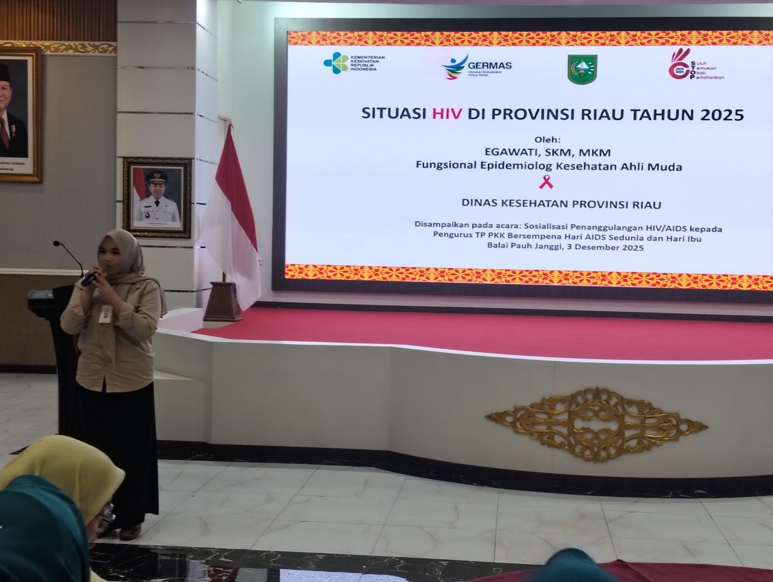 Untuk diketahui bersama kegiatan dilaksanakan pada hari ini 3 Desember 2025 bertempat di Balai Pauh Jingga Gedung Daerah Provinsi Riau.Peserta kegiatan adalah sebanyak 122 orang dengan rincian pengurus anggota PKK provinsi Riau sebanyak 25 orang, pengurus tim dan anggota PKK kota Pekanbaru sebanyak 75 orang, undangan dan panitia Dinkes propinsi Riau sebanyak 20 orang, narasumber sebanyak 3 orang yaitu satu penanggung jawab program HIV Dinas kesehatan Provinsi Riau, Tim penggerak PKK provinsi Riau dan persatuan dokter spesialis kulit Indonesia (Perdoski) Provinsi Riau, metode pelaksanaan dengan penyampaian materi oleh narasumber, diskusi, tanya jawab, pemutaran video serta disediakan doorprize bagi peserta yang aktif diakhir acara dan kemudian dorprize bagi peserta yang beruntung dengan hadiah voucher menginap di hotel Mutiara Merdeka, bingkisan dan hadiah serta voucher lainnya yang disponsori oleh Asosiasi Dinas kesehatan Provinsi Riau.
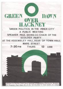1985 was a time of political change in the UK. After the formation of the Social Democratic Party (SDP), there were noises being made that the UK needed a "green" party. In response to the rumours that a group of Liberal Party activists were about to launch a UK 'Green Party',[3] HELP (the Hackney Local Ecology Party) registered the name The Green Party, with a green circle, designed by Steve O’Brien, as its logo. The first public meeting, chaired by David Fitzpatrick (then an Ecology Party speaker), was 13 June 1985 in Hackney Town Hall. Paul Ekins (then co-chair of the Ecology Party) spoke on the subject of Green politics and the inner city. Hackney Green Party put a formal proposal to the Ecology Party Autumn Conference in Dover that year to change to the Green Party, which was supported by the majority of attendees, including John Abineri, formerly an actor in the BBC series Survivors who supported adding Green to the name to fall in line with other environmental parties in Europe.[4]
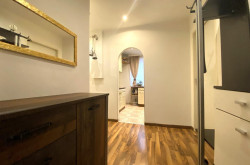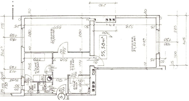 Aus dem zentralen Vorraum gelangen Sie in das ca. 21 m² große Wohnzimmer, das ca. 16 m² große, hofseitige Schlafzimmer, die hofseitige Küche mit Abstellraum/Speis sowie das Bad und das separate WC.
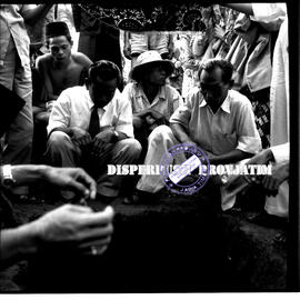 Item VI.56.1472 - Keluarga dan pelayat terlihat duduk di pinggir liang lahat, Pemakaman Ny. Saniroon, 14 – 8 – 1956
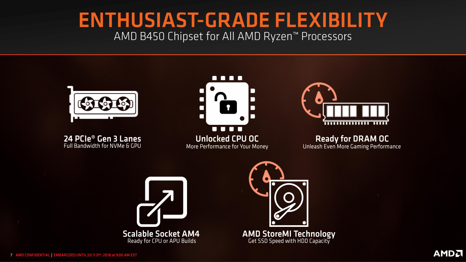 Hari ini (31 Juli 2018), AMD secara resmi merilis chipset kelas midrange baru mereka, yang dinamai B450. Seperti hal-nya X470 ke X370, B450 adalah sebuah chipset ‘refresh’ yang memberikan sedikit peningkatan dan fitur tambahan dari B350, walau spesifikasi IO yang dimiliki B350 dan B450 akan identik. B450 dibuat pada platform AM4 AMD yang akan terus mendapat support hingga tahun 2020 nanti.
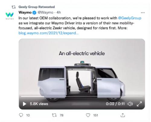 12月29日,吉利和Waymo都官宣,吉利旗下电动车品牌极氪和全球领先的自动驾驶技术公司Waymo的合作。
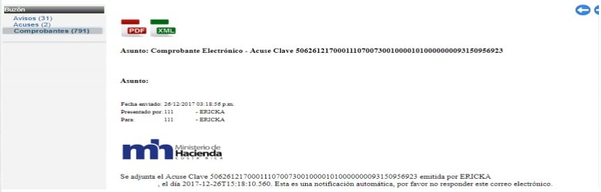 Con solo presionar los botones PDF y XML se pueden descargar los archivos para que estos puedan ser guardados en el equipo de cómputo.
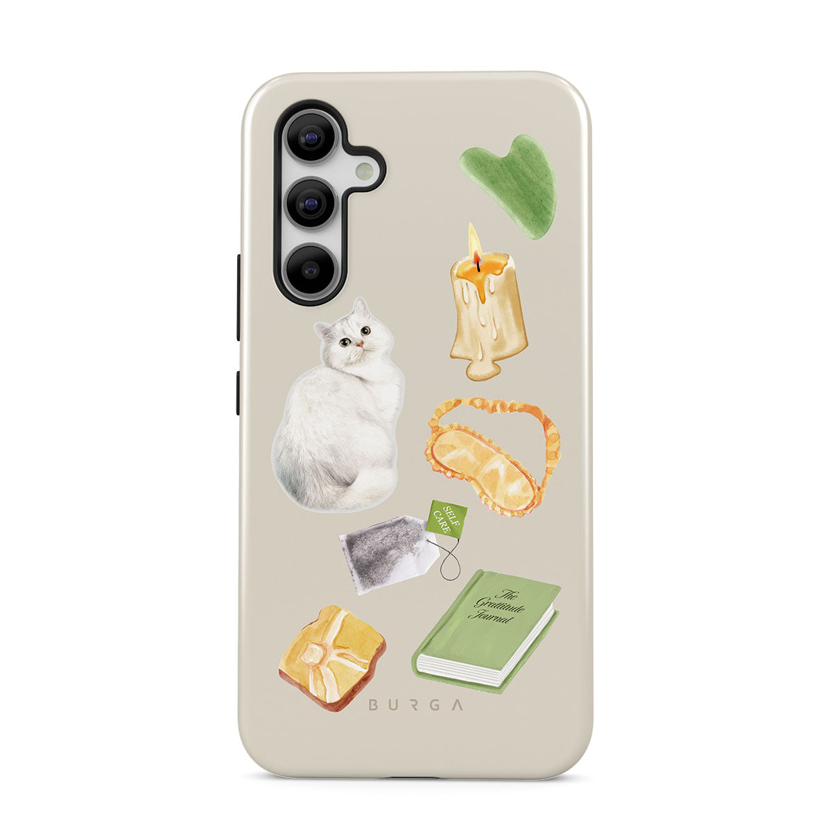 En este diseño: gato blanco, libro verde, vela, barra de Gua Sha, antifaz para dormir, bolsa de té, cristal amarillo.
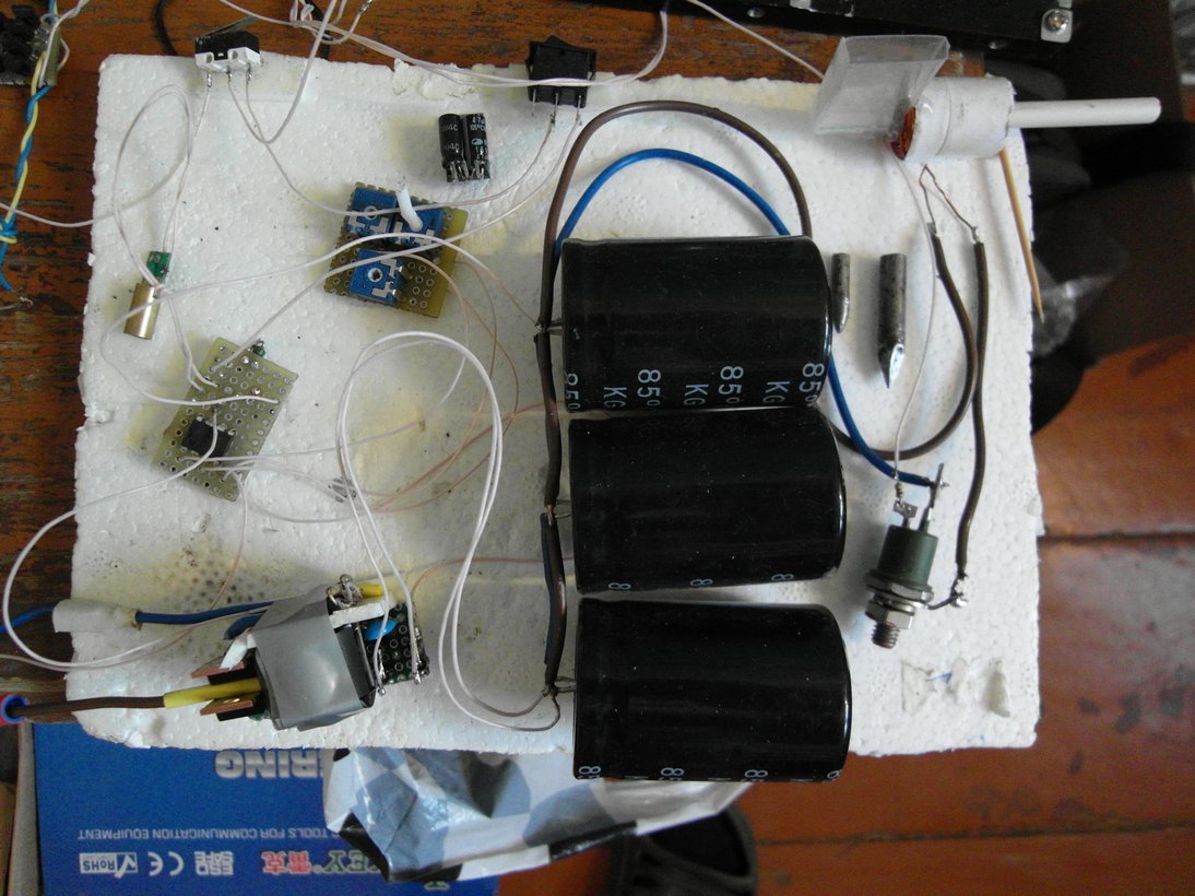 Пушка включает в себя схему зарядки\поддержания заряда. Уже пригодна для стрельбы и дистанционного управления (кнопки на реле поменять и готово). Энергия заряда в конденсаторах около 135Дж (использую 3 банки 470мкФ 450В, реальное напряжение меньше и оно гуляет по мере саморазряда\подзарядки) энергию пули не знаю. Вот пример стрельбы в дно жестяной банки (отверстия средней величины от кончика снаряда).
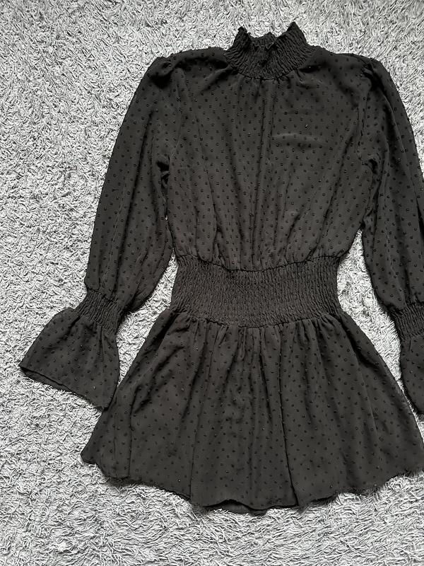 Женская черная мини-платье с длинным рукавом. Размер пишет Л, но идет на М.
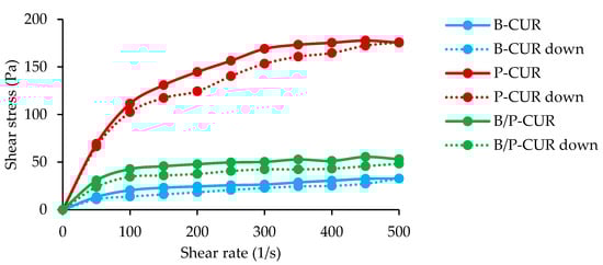 Viscosity profiles (top panel) and flow curves (bottom panel) of B-CUR, P-CUR, and B/P-CUR hydrogels measured up to 500 s−1 at 32 °C (mean values ± s.d.; n = 3).
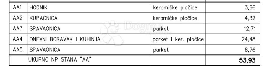 Stan oznake STAN AA je smješten na prizemlju zgrade neto stambene površine 53.93
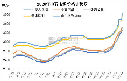 整體市場描述:上周五至今電石價格繼續(xù)快速上漲,各地采購價連續(xù)上調300-400元/噸,電石出廠價上調200元/噸左右,且烏海及周邊貿(mào)易出廠價推出了明日繼續(xù)上漲100元/噸計劃。至此,10月下旬至今,電石價格已連續(xù)上調了700-800元/噸,達到2011年9月以來的最高水平。本周電石價格仍在繼續(xù)上調,主要仍因供需失衡,貨源緊俏推動。內蒙古地區(qū)電石仍頻繁有不同程度的限電現(xiàn)象,產(chǎn)量不足,寧夏石嘴山地區(qū)受重污染天氣影響,本周后期有電石爐降負荷現(xiàn)象,外加其它復工電石爐恢復緩慢,電石增量較為有限;但PVC價格仍在連續(xù)上漲,前期停車PVC企業(yè)也有復產(chǎn),整體開工高位,部分甚至超負荷運行,外加冬季來臨前對電石也有補庫需求,整體需求維持高位,綜合導致電石貨源持續(xù)緊張,價格得以連續(xù)上揚。
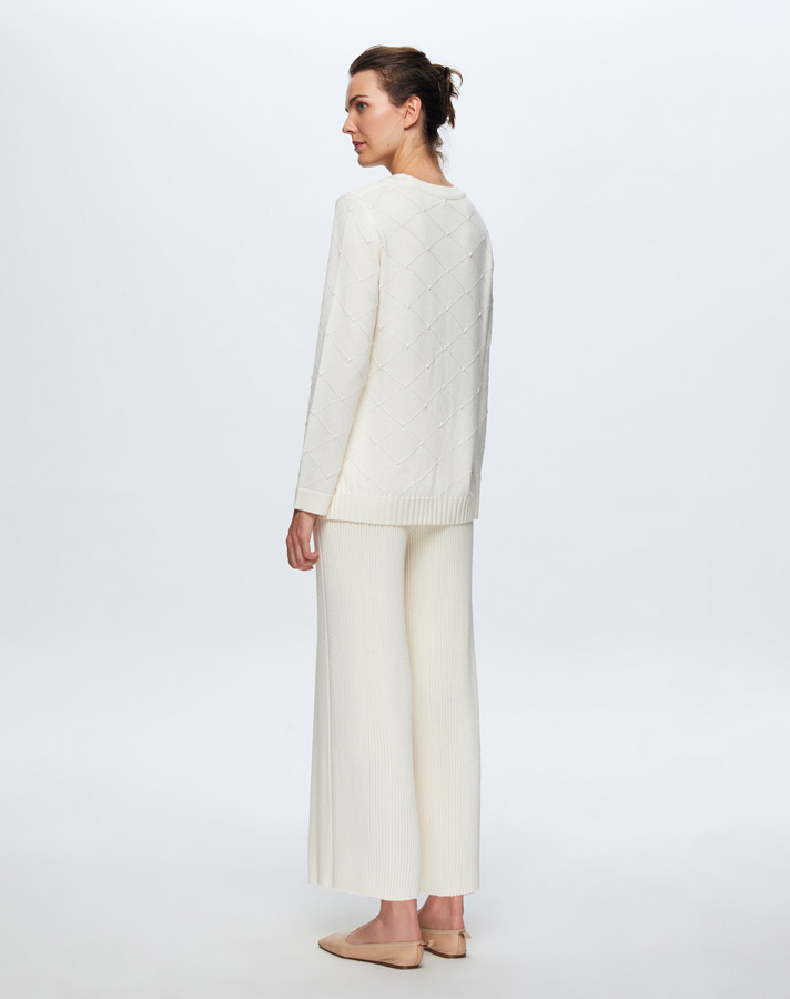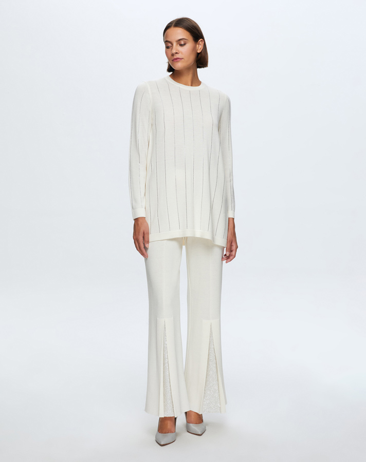 Miss Dalida Paçası Taşlı Triko Pantolon Fede/Ecru

******************************

**PROMPT:** Leave the pictures out, then print every entry exactly as it reads.

**YOUR SOLUTION:**
 Untuk diketahui bersama kegiatan dilaksanakan pada hari ini 3 Desember 2025 bertempat di Balai Pauh Jingga Gedung Daerah Provinsi Riau.Peserta kegiatan adalah sebanyak 122 orang dengan rincian pengurus anggota PKK provinsi Riau sebanyak 25 orang, pengurus tim dan anggota PKK kota Pekanbaru sebanyak 75 orang, undangan dan panitia Dinkes propinsi Riau sebanyak 20 orang, narasumber sebanyak 3 orang yaitu satu penanggung jawab program HIV Dinas kesehatan Provinsi Riau, Tim penggerak PKK provinsi Riau dan persatuan dokter spesialis kulit Indonesia (Perdoski) Provinsi Riau, metode pelaksanaan dengan penyampaian materi oleh narasumber, diskusi, tanya jawab, pemutaran video serta disediakan doorprize bagi peserta yang aktif diakhir acara dan kemudian dorprize bagi peserta yang beruntung dengan hadiah voucher menginap di hotel Mutiara Merdeka, bingkisan dan hadiah serta voucher lainnya yang disponsori oleh Asosiasi Dinas kesehatan Provinsi Riau.
1985 was a time of political change in the UK. After the formation of the Social Democratic Party (SDP), there were noises being made that the UK needed a "green" party. In response to the rumours that a group of Liberal Party activists were about to launch a UK 'Green Party',[3] HELP (the Hackney Local Ecology Party) registered the name The Green Party, with a green circle, designed by Steve O’Brien, as its logo. The first public meeting, chaired by David Fitzpatrick (then an Ecology Party speaker), was 13 June 1985 in Hackney Town Hall. Paul Ekins (then co-chair of the Ecology Party) spoke on the subject of Green politics and the inner city. Hackney Green Party put a formal proposal to the Ecology Party Autumn Conference in Dover that year to change to the Green Party, which was supported by the majority of attendees, including John Abineri, formerly an actor in the BBC series Survivors who supported adding Green to the name to fall in line with other environmental parties in Europe.[4]
 Aus dem zentralen Vorraum gelangen Sie in das ca. 21 m² große Wohnzimmer, das ca. 16 m² große, hofseitige Schlafzimmer, die hofseitige Küche mit Abstellraum/Speis sowie das Bad und das separate WC.
 Item VI.56.1472 - Keluarga dan pelayat terlihat duduk di pinggir liang lahat, Pemakaman Ny. Saniroon, 14 – 8 – 1956
 Hari ini (31 Juli 2018), AMD secara resmi merilis chipset kelas midrange baru mereka, yang dinamai B450. Seperti hal-nya X470 ke X370, B450 adalah sebuah chipset ‘refresh’ yang memberikan sedikit peningkatan dan fitur tambahan dari B350, walau spesifikasi IO yang dimiliki B350 dan B450 akan identik. B450 dibuat pada platform AM4 AMD yang akan terus mendapat support hingga tahun 2020 nanti.
 12月29日,吉利和Waymo都官宣,吉利旗下电动车品牌极氪和全球领先的自动驾驶技术公司Waymo的合作。
 Con solo presionar los botones PDF y XML se pueden descargar los archivos para que estos puedan ser guardados en el equipo de cómputo.
 En este diseño: gato blanco, libro verde, vela, barra de Gua Sha, antifaz para dormir, bolsa de té, cristal amarillo.
 Пушка включает в себя схему зарядки\поддержания заряда. Уже пригодна для стрельбы и дистанционного управления (кнопки на реле поменять и готово). Энергия заряда в конденсаторах около 135Дж (использую 3 банки 470мкФ 450В, реальное напряжение меньше и оно гуляет по мере саморазряда\подзарядки) энергию пули не знаю. Вот пример стрельбы в дно жестяной банки (отверстия средней величины от кончика снаряда).
 Женская черная мини-платье с длинным рукавом. Размер пишет Л, но идет на М.
 Viscosity profiles (top panel) and flow curves (bottom panel) of B-CUR, P-CUR, and B/P-CUR hydrogels measured up to 500 s−1 at 32 °C (mean values ± s.d.; n = 3).
 Stan oznake STAN AA je smješten na prizemlju zgrade neto stambene površine 53.93
 整體市場描述:上周五至今電石價格繼續(xù)快速上漲,各地采購價連續(xù)上調300-400元/噸,電石出廠價上調200元/噸左右,且烏海及周邊貿(mào)易出廠價推出了明日繼續(xù)上漲100元/噸計劃。至此,10月下旬至今,電石價格已連續(xù)上調了700-800元/噸,達到2011年9月以來的最高水平。本周電石價格仍在繼續(xù)上調,主要仍因供需失衡,貨源緊俏推動。內蒙古地區(qū)電石仍頻繁有不同程度的限電現(xiàn)象,產(chǎn)量不足,寧夏石嘴山地區(qū)受重污染天氣影響,本周后期有電石爐降負荷現(xiàn)象,外加其它復工電石爐恢復緩慢,電石增量較為有限;但PVC價格仍在連續(xù)上漲,前期停車PVC企業(yè)也有復產(chǎn),整體開工高位,部分甚至超負荷運行,外加冬季來臨前對電石也有補庫需求,整體需求維持高位,綜合導致電石貨源持續(xù)緊張,價格得以連續(xù)上揚。
 Miss Dalida Paçası Taşlı Triko Pantolon Fede/Ecru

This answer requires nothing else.